How many lines in the entries below contain "from"? Answer with the number only.

--- START ---

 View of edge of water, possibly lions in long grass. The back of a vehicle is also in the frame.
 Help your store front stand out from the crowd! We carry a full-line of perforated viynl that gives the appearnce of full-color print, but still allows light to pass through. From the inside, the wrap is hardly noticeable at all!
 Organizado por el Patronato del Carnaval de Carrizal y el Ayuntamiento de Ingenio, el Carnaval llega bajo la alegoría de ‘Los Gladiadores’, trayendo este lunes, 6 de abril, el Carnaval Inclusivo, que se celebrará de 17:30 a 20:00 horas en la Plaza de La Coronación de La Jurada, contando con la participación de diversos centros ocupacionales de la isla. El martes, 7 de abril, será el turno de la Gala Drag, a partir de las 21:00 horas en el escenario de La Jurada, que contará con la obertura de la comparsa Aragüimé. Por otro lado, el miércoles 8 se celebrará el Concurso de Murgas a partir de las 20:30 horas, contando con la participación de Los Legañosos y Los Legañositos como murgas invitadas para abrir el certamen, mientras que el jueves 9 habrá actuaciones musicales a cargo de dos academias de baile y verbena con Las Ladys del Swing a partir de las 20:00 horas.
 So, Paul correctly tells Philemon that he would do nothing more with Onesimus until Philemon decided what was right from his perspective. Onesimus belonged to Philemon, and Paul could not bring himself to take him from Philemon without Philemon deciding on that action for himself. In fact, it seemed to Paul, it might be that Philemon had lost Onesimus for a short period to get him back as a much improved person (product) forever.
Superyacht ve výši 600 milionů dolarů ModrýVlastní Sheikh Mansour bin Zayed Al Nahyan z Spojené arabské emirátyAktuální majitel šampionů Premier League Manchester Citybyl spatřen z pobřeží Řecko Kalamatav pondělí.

--- END ---
--- START ---

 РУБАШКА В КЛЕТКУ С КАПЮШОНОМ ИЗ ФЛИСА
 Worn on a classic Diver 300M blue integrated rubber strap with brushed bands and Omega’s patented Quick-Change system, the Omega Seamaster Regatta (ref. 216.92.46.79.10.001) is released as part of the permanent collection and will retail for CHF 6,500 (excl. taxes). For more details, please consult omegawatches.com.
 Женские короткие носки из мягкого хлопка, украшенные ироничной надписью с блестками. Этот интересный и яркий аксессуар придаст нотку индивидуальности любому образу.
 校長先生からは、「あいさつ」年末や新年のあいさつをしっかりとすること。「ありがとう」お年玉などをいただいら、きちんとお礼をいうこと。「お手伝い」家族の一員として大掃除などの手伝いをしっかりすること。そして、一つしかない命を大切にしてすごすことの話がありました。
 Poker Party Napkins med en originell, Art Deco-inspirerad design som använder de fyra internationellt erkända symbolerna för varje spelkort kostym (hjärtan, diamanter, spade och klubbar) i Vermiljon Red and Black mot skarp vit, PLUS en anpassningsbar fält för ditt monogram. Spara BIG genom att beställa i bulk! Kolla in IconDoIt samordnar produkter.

--- END ---

#### ANSWER BELOW
2